Nella vicenda Mailgate che vede implicata Hillary Clinton, sono stati accusati 38 funzionario, ma non vi è alcuna prova effettiva

38 funzionari sono stati accusati di aver violato la procedura di sicurezza nella vicenda denominata poi “Mailgate” sulle email private dell’allora segretario di stato Hillary Clinton. Tuttavia, ad ora, non ci sarebbero prove della deliberata gestione errata delle informazioni private.

Il Mailgate di Hillary Clinton

La vicenda risale al 2016, quando durante la campagna per le presidenziali scoppiò lo scandalo riguardante l’uso delle mail private da parte di Hillary Clinton. Le indagini si sono protratte fino ad ora, e i risultati sono stati pubblicati proprio mentre Donald Trump ha ripreso i suoi attacchi contro l’avversaria. E proprio quando l’attuale Presidente Usa rischia l’impeachment per il Kievgate.

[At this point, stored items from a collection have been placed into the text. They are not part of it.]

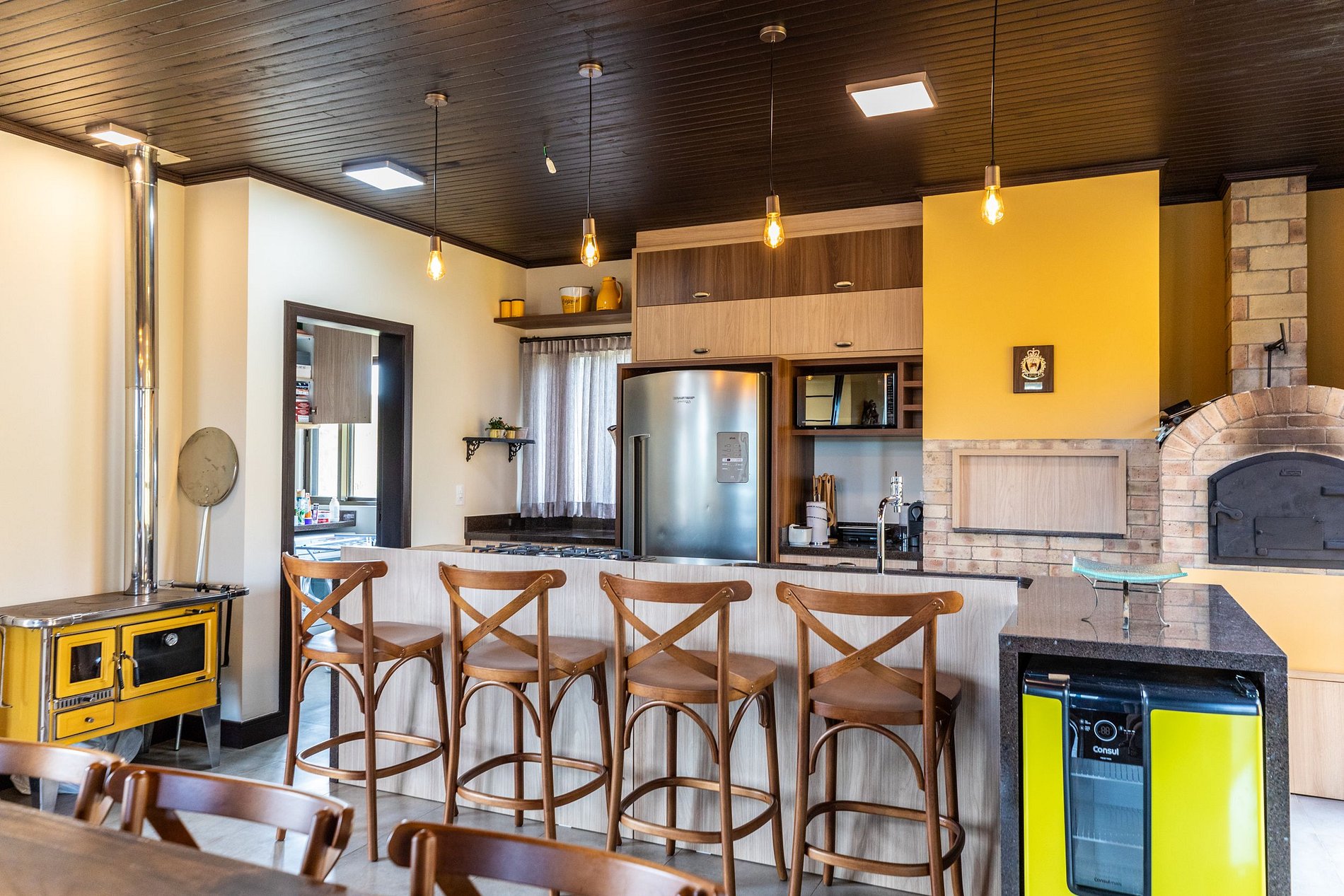 Cozinha completa com cooktop, forno elétrico, micro-ondas, refrigerador, cervejeira, pia com área gourmet, e bancada para refeições.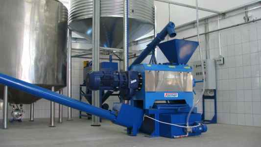 Шнековые маслопрессы FL 200 FS 1010 FL 200 Шнековый маслопресс FL 200 – особо массивная машина, которая лежит в основе наших прессовочных цехов средней производительности. Этот пресс способен перерабатывать широкий перечень обрушенных и необрушенных семян в самых разных режимах прессования. «Сердцем» маслопресса является его геометрия (форма шнека), которая оптимизируется для каждой культуры индивидуально и этим позволяет достичь наилучшего выхода масла. Различные схемы подключения прессов позволяют составлять технологические линии отжима масла разной производительности. Пресс можно использовать для переработки масличных семян в технологии холодного, горячего прессования и прессования с экструзией. Название файла Размер файла FL 200.pdf 1,5 MB Описание технологии Принадлежности Технические параметры Фотогалерея FL 200 – это шнековый пресс для переработки масличных. Под влиянием изменения формы шнека в разных отделах пресса (геометрии) происходит постепенное сжатие прессуемого материала. Под действием возрастающего давления происходит выдавливание масла из семян и оттекание через щели оттока в корзине пресса. Изменение геометрии пресса и ширины щелей оттока масла позволяет оптимизировать процесс прессования для отдельных видов масличных и для разных режимов отжима. Компания Farmet предлагает широкий выбор дополнительных (необязательных) принадлежностей, которые удовлетворят любые потребности заказчиков - загрузочных воронок (бункеров), транспортеров, емкостей, устройств для предварительной обработки семян, а также для перекачивания, фильтрации, рафинирования и хранения масла. Однако мы считаем лучшим решением поставку комплектной технологической линии «под ключ», т. к. только такой вариант является технически и экономически оптимальным решением Ваших требований, в т. ч. и автоматизации всего процесса. Шнековый маслопресс FL 200 – пресс средней мощности, достигающий производительности 4-40 тонн в сутки. В стандартном варианте он рассчитан на подсоединение к электросети, отвечающей спецификации ЕС, но электропроводку можно адаптировать и к требованиям локальных рынков (США, Канада…). Пресс можно оборудовать преобразователем частот главного привода, что позволит оптимизировать процесс прессования. Мощность электродвигателя этого пресса - 11-22 кВт в зависимости от технологии.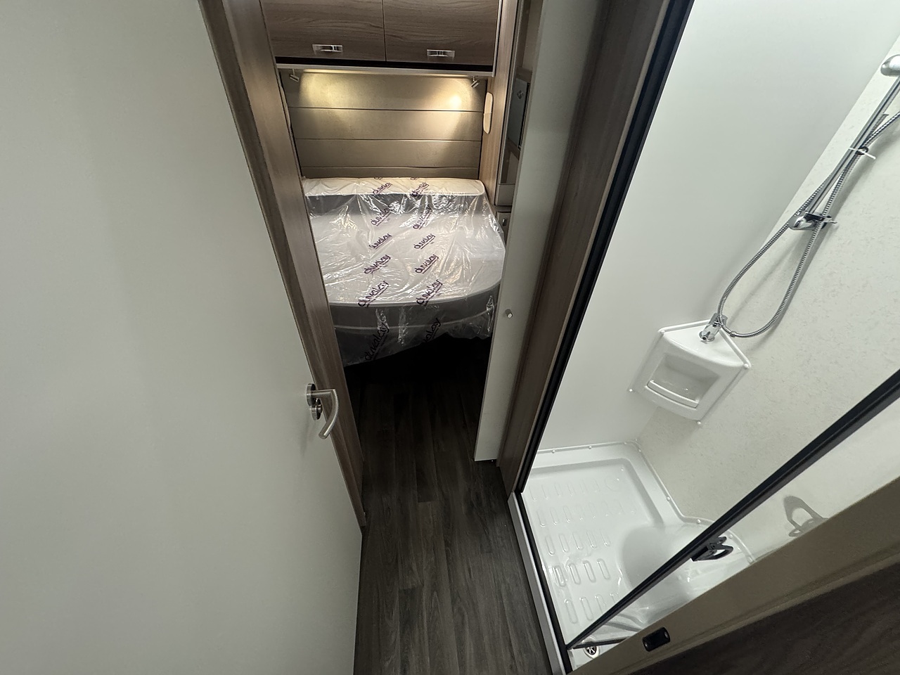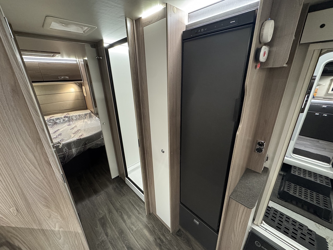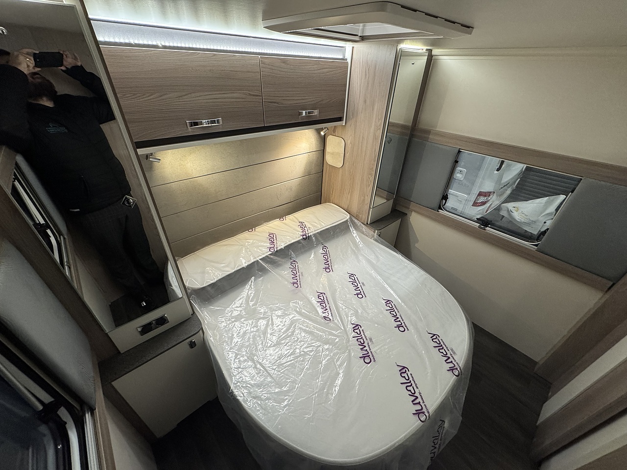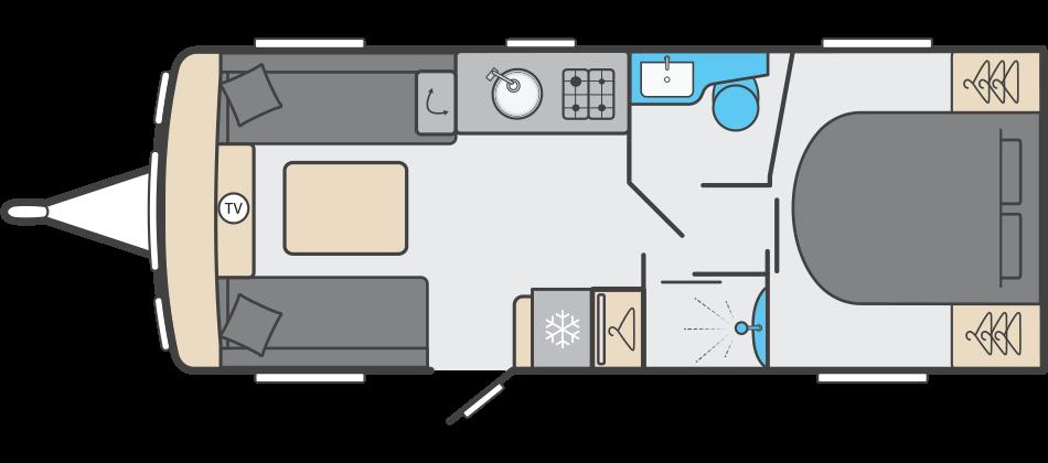 At the rear is a luxurious end bedroom with a fixed island bed, complete with a Duvalay mattress for superior comfort. Overhead lockers and wardrobes provide ample storage, while the bedroom offers a private and peaceful retreat after a day of exploring.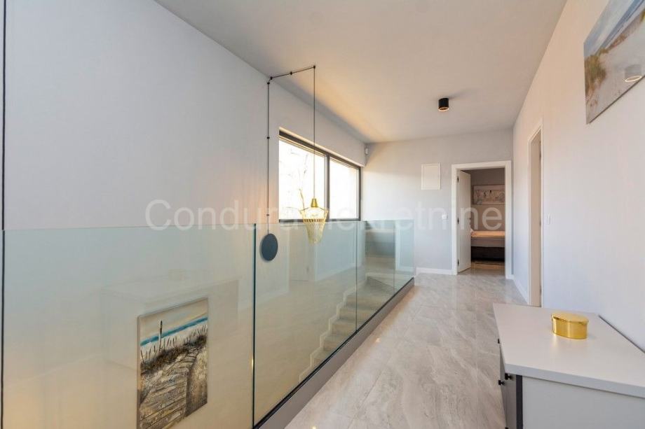 Kuća je sagrađena na zemljištu veličine 542 m2 te ima neto korisnu površinu 173,35 m2. Prizemlje se sastoji od ulaznog prostora, jedne spavaće sobe, kupaonice i prostranog "open space" koncepta kuhinje s blagovaonicom i dnevnim boravkom. Pogled iz kuće se kroz velike staklene stijene pruža na skladno uređeno dvorište s grijanim bazenom (32 m2), sunčalištem i ljetnom kuhinjom. Na gornjem katu se nalazi hodnik i tri spavaće sobe svaka s vlastitom kupaonicom, a dvije sobe imaju i izlaz na vlastitu lođu s prekrasnim pogledom na okolicu.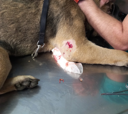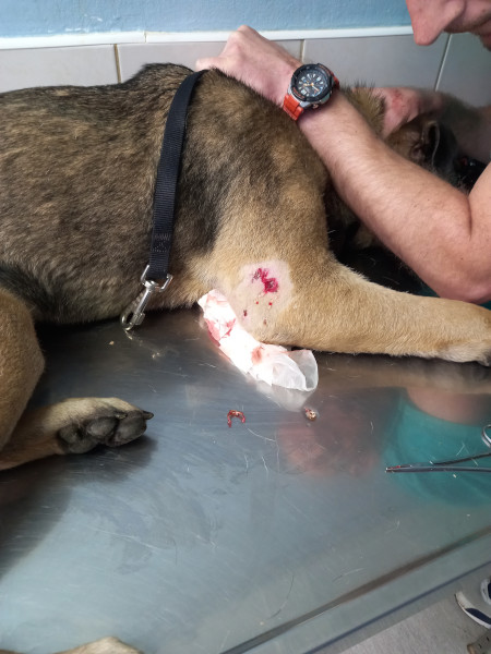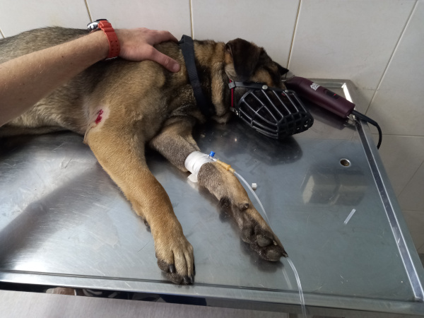 Sofort machten sich Nina, ihr Mann und der arme Kerl auf den Weg zum nächsten Tierarzt, doch 50m davor brach der Hundemann zusammen. Er konnte einfach nicht mehr…hatte hohes Fieber, eine bereits beginnende Sepsis, und es wäre nur eine Frage der Zeit gewesen, bis er gestorben wäre. Seine Bisswunden an den Beinen waren stark angeschwollen, und es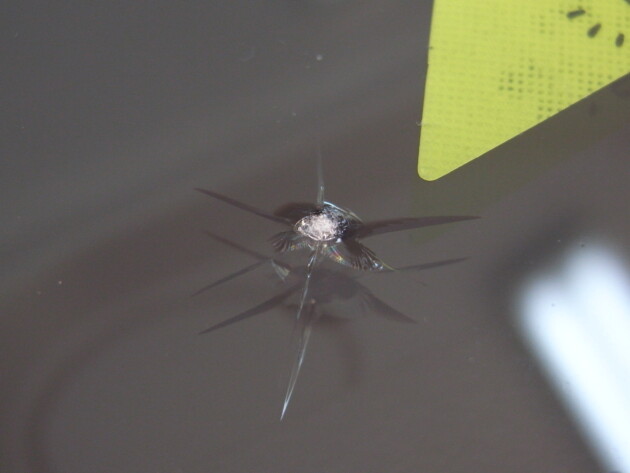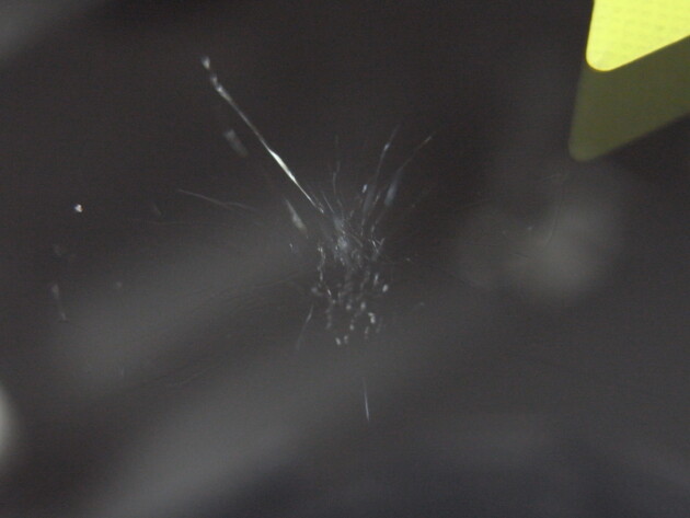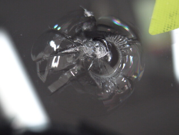 一般道でバスの後ろを走っていたところ前方のバスが車庫に入るために左側に曲がった瞬間にバチンと音がしたので見てみるとヒビが出来ていたそうです。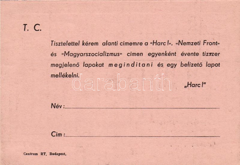 Előfizetési igénylés nemzetiszocialista lapokra levelezőlapon https://www.darabanth.com/hu/36-Gyorsarveres/36.0/Festmeny-mutargy-papirregiseg-egyeb/Nyomtatvany~71/Elofizetesi-igenyles-nemzetiszocialista-lapokra-levelezolapon~II71072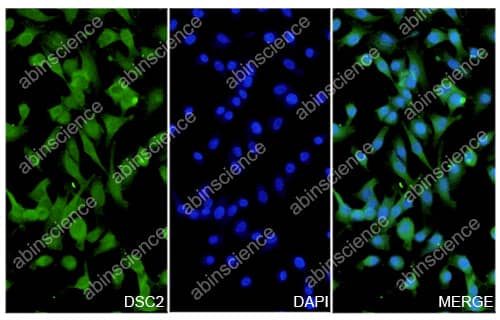 A549 cells were fixed with 4% paraformaldehyde for 20 minutes, followed by blocking with 5% goat serum for 1 hour. The cells were then incubated with a primary antibody targeting DSC2 (HX236014) at a concentration of 93.35 ug/ml overnight at 4°C. Afterward, the cells were incubated with a secondary antibody, Goat Anti-Rabbit IgG (Alexa Fluor-488) for 50 minutes at room temperature. The localization of DSC2 was visualized (shown in green), and nuclear DNA was stained with DAPI (shown in blue).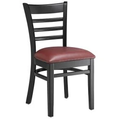 Lancaster Table & Seating Black Finish Wooden Ladder Back Chair With 2 1/2″ Burgundy Padded Seat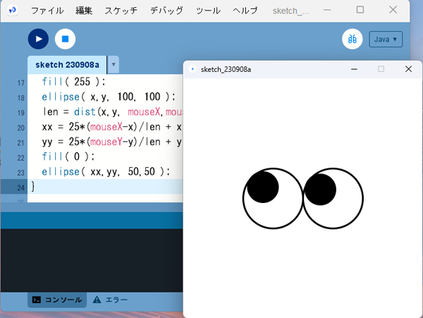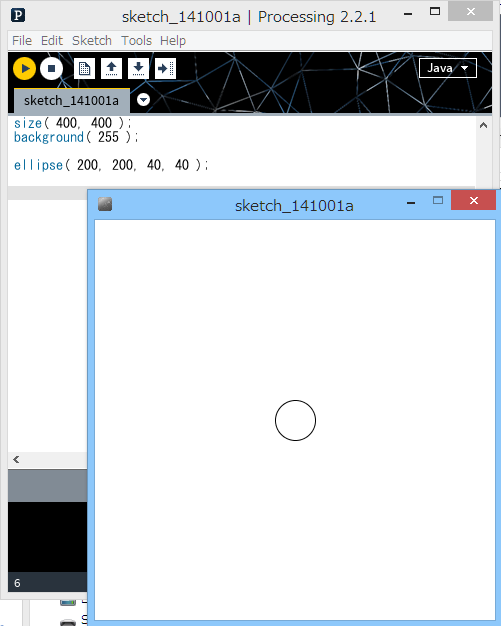 | ・ Processingの起動 - 以下の実行ファイル「processing.exe」をダブルクリックしてProcessingを起動する ![]() ・ プログラムの実行と停止 ![]() - 以下のプログラムを打ち込んで実行してみましょう <円を描く>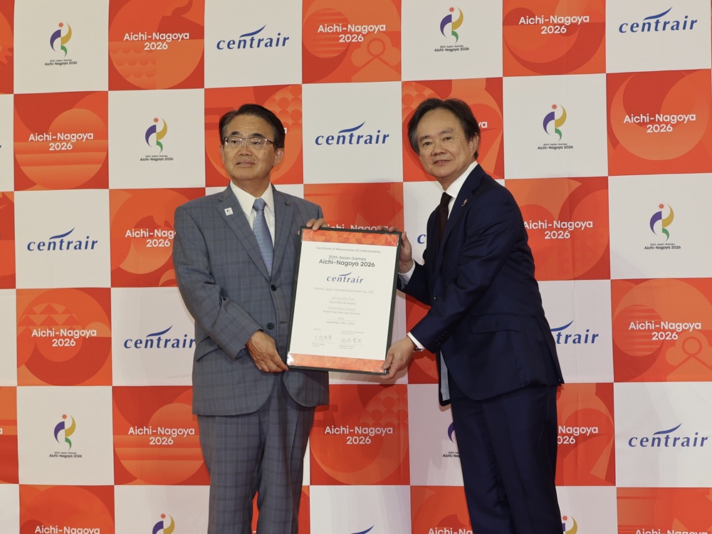 中部国際空港株式会社は、公益財団法人愛知・名古屋アジア・アジアパラ競技大会組織委員会と、第20回アジア競技大会(2026/愛知・名古屋)および第5回アジアパラ競技大会(2026/愛知・名古屋)における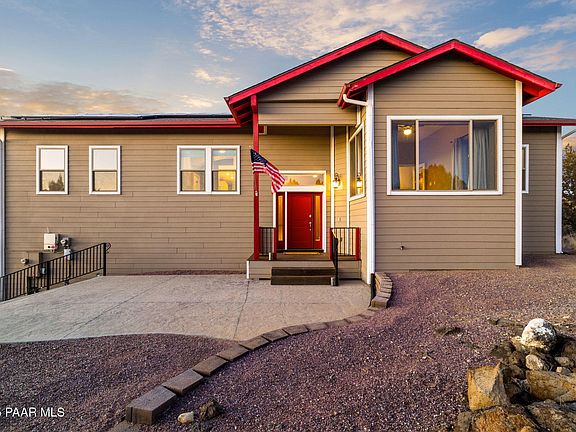 Do you seek acreage, privacy, peaceful surroundings, a place for your toys, and STUNNING VIEWS? Then this beautiful home backing to the jaw-dropping majesty of the Verde River Gorge is waiting for you to come home. Tucked back from the road on 4.05 acres, you'll immediately notice the 2000 sqft. RV garage as you turn onto the gravel driveway from the paved County Road. Don't have an RV? The immaculate garage space can easily house numerous classic cars, ATVs, motorcycles, or bicycles. No motorized toys? Imagine a 2000 sqft. gym, man or woman cave, or perhaps a roller rink for the younger set (or younger at heart) - the possibilities are endless! Around the bend from the RV garage awaits a casually elegant 3 bedroom, 2.5 bath split level home, designed for fun and relaxation.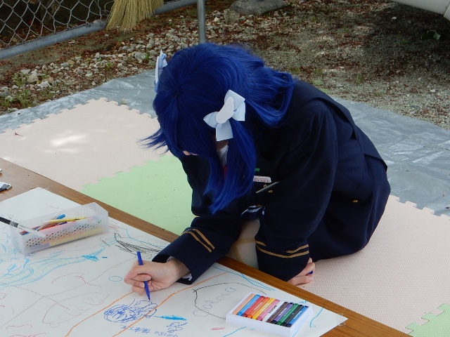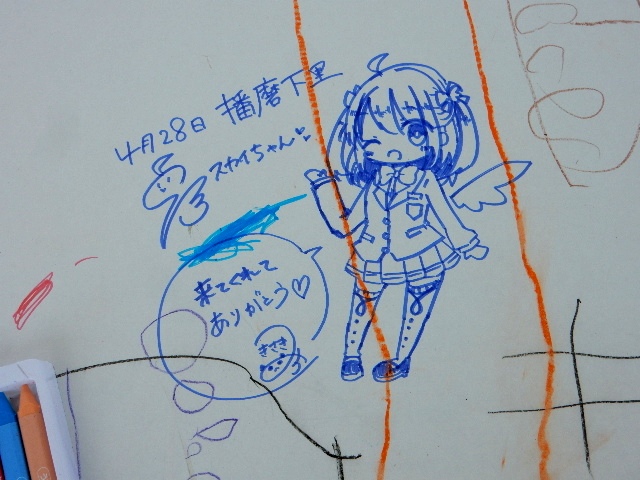 屋外の落書きコーナーにはスカイちゃん役の姫咲美羽さんも参加。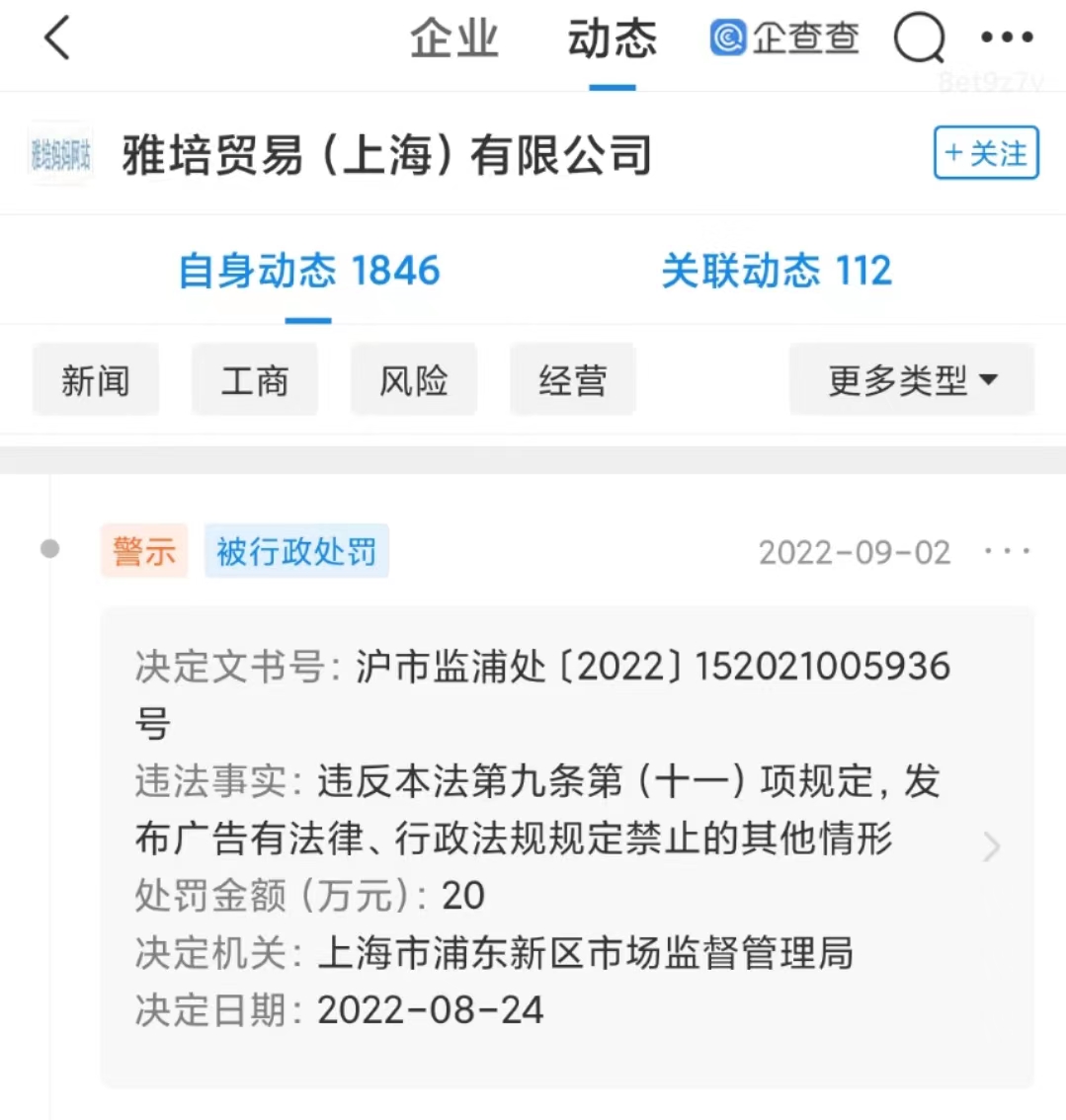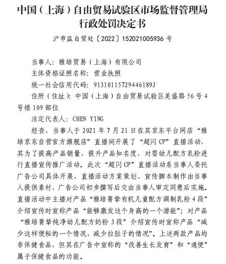 据上海市市场监督管理局官网发布的行政处罚决定书显示,雅培贸易(上海)有限公司于2021年7月21日在其京东平台网店“雅培京东自营官方旗舰店”直播间开展了“超闪CP”直播活动,为了提高产品销量,提升产品知名度,对婴幼儿配方乳粉进行直播宣传推广活动。

La Clinton aveva detto di aver usato la mail privata per praticità, anche se in violazione delle regole di sicurezza. Il tutto fu svelato durante l’inchiesta sull’attacco al consolato americano di Bengasi. L’indagine fu affidata all’Fbi, e nel luglio 2016 il direttore del Federal Bureau James Comey annunciò che la Clinton non sarebbe stata incriminata. Si stigmatizzò tuttavia la sua “negligenza”.

Le indagini

Il Congresso ha ricevuto il rapporto in ottobre, e da questo emerge che “non sono state trovate prove persuasive di sistematica o deliberata mala gestione di informazioni riservate”. In alcuni casi, le “informazioni classificate” sono state “trasmesse in maniera inappropriata” ma nella grande maggioranza dei casi i funzionari “erano consapevoli delle politiche di sicurezza e hanno fatto del loro meglio per rispettarle”. I nomi dei 38 funzionari non sono stati resi noti, e non è chiaro se e come verranno sanzionati. Ma secondo il Washington Post precisa che fra loro vi sono ambasciatori.